Unseres Erachtens kann für die Infrastrukturdefinition auf die Definition für Infrastruktur-Projektgesellschaften und Infrastruktur-Sondervermögen im Sinne des deutschen Kapitalanlagegesetzbuchs zurückgegriffen werden (§ 1 (19) Nr. 23a, § 260a KAGB). Basierend darauf sind Infrastruktur-Projektgesellschaften Unternehmen, die nach ihrem Gesellschaftsvertrag oder ihrer Satzung gegründet wurden, um dem Funktionieren des Gemeinwesens dienende Einrichtungen, Anlagen, Bauwerke oder jeweils Teile davon zu errichten, zu sanieren, zu betreiben oder zu bewirtschaften. Nach Äußerungen der Bundesanstalt für Finanzdienstleistungsaufsicht (BaFin) zu Infrastruktur-Sondervermögen könnte die Definition im Gesetz über das Bundesamt für Sicherheit in der Informationstechnik (BSI-Gesetz) und der BSI-Verordnung zur Interpretation (allerdings ohne die Schwellenwerte für die „Kritikalität“) herangezogen werden.

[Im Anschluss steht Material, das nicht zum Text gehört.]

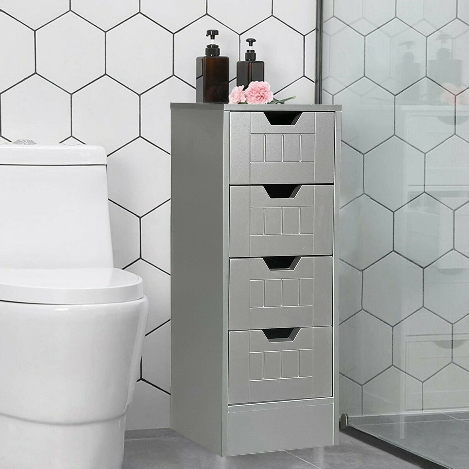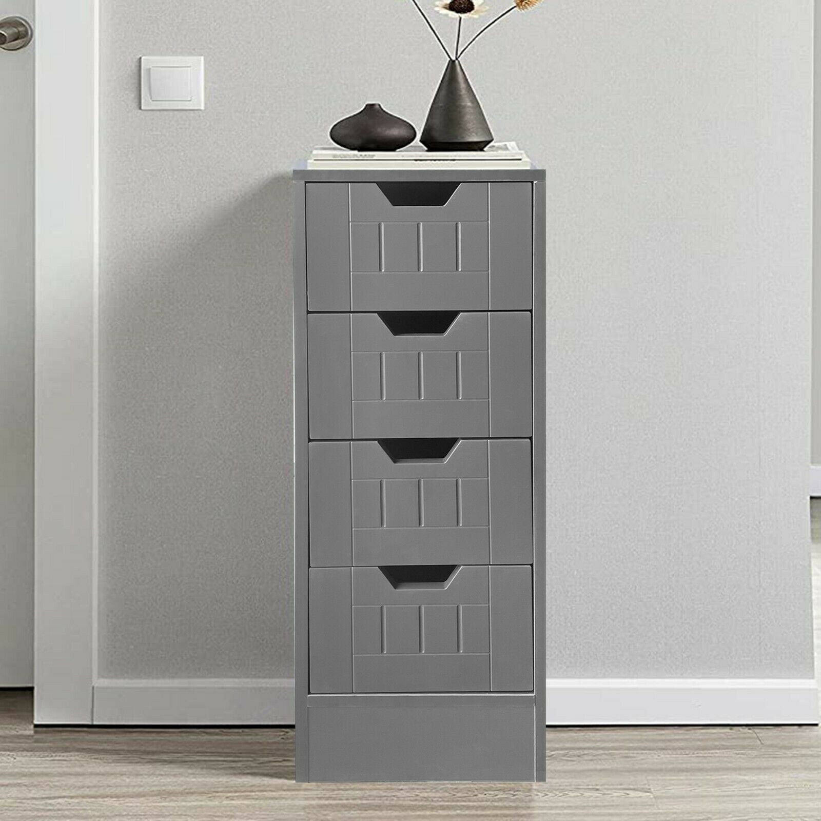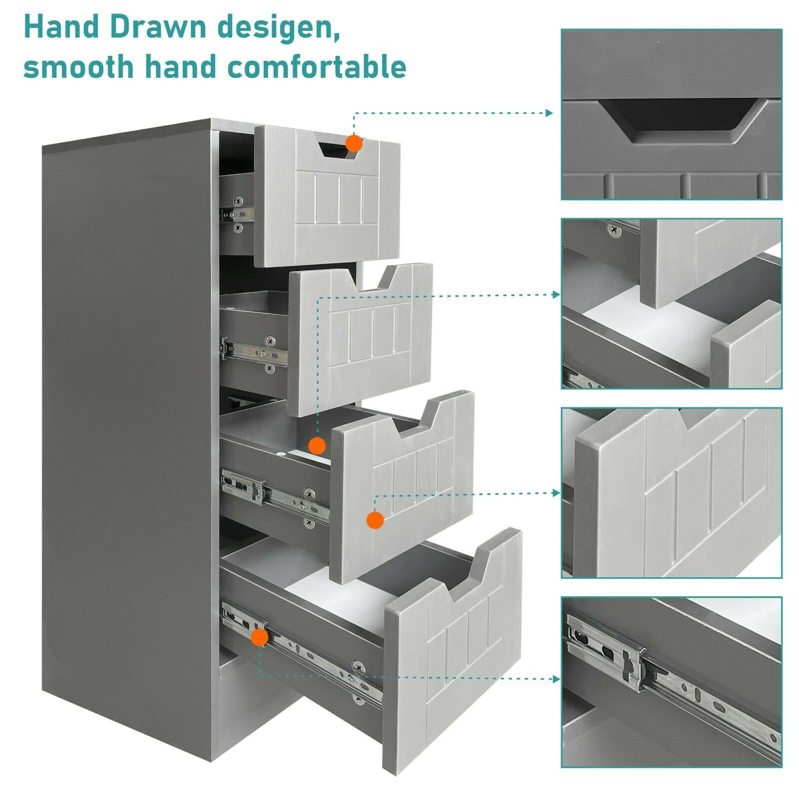 4 Drawer Bathroom Cabinet Chest Wooden Storage Cupboard Unit Grey Freestanding
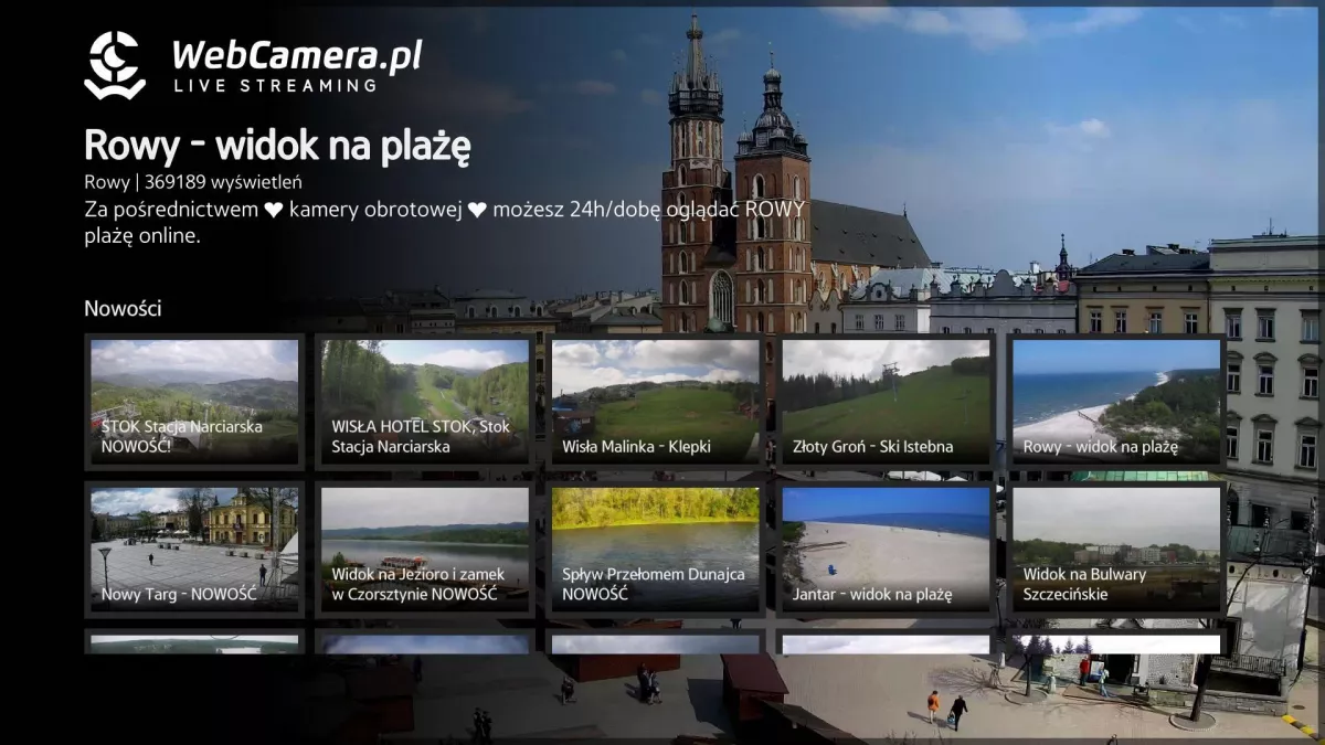 - Jako lider w transmisji Live w Polsce dajemy Ci ekskluzywny dostęp do naszych ujęć bez reklam. Wykorzystaj okazje, aby oglądać najlepsze widoki z najciekawszych turystycznie miejsc w Polsce.
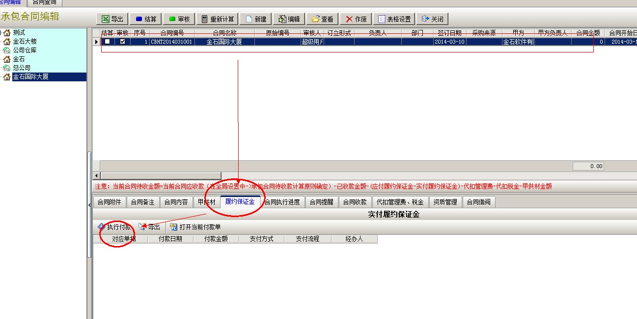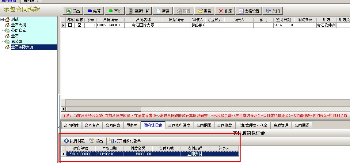 選中新建的合同,點(diǎn)擊下面執(zhí)行功能中的履約保證金,點(diǎn)執(zhí)行付款,彈出付款單
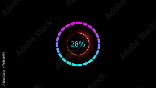 © MDABDUL MUMIN, Fototapeta premium 28% loading bar icon illustration. a modern neon red color neon loading illustration. on a black background. and creating a stunning 4k illustration.

Erhöhung der Risikokapitalquote

Die Änderungen der Anlageverordnung erhöhen auch die bestehende Risikokapitalquote von 35 % auf 40 % der Sicherungsvermögen (§ 3 (3) AnlV). Diese Quote umfasst Investitionen in Unternehmensbeteiligungen, börsennotierte Aktien und Private-Equity-Fonds. Die Erhöhung dieser Quote bietet Anlegern im Geltungsbereich der Anlageverordnung größere Flexibilität, in renditestärkere Anlagen zu investieren, um die Gesamtrendite des Anlageportfolios potenziell zu verbessern.

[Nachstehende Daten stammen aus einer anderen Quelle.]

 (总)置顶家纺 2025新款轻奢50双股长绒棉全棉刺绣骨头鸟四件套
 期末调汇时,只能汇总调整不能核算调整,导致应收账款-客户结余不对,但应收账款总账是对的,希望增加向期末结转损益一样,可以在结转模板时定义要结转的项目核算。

Erweiterung der „Öffnungsklausel“

Schließlich wurde die Anlageverordnung bezüglich der sogenannten „Öffnungsklausel“ (§ 2 (2) AnlV) geändert. Diese erlaubt Investitionen in Vermögenswerte, die sonst nicht als zulässige Vermögenswerte (§ 2 (1) AnlV) qualifizieren, für bis zu 5 % des Sicherungsvermögens (mit BaFin-Genehmigung bis zu 10 %), sofern die absoluten Anlageverbote gemäß § 2 (4) AnlV eingehalten werden. Diese Öffnungsklausel wurde nun erweitert, um zusätzliche Flexibilität zu bieten, indem Investitionen zugelassen werden, die die Mischungsgrenzen in Bezug auf einen einzelnen Schuldner/Emittenten der Investition oder einzelne Vermögenswerte überschreiten (§ 4 AnlV).

Fazit

Die Änderungen der Anlageverordnung bringen Erleichterungen und neue Möglichkeiten sowohl für Kapitalsuchende als auch regulierte Anleger im Bereich der Infrastrukturinvestitionen. Weiterhin muss auf beiden Seiten darauf geachtet werden, dass die Investitionsmöglichkeiten insgesamt den Vorgaben der Anlageverordnung entsprechen, um von den Quoten Gebrauch machen zu können.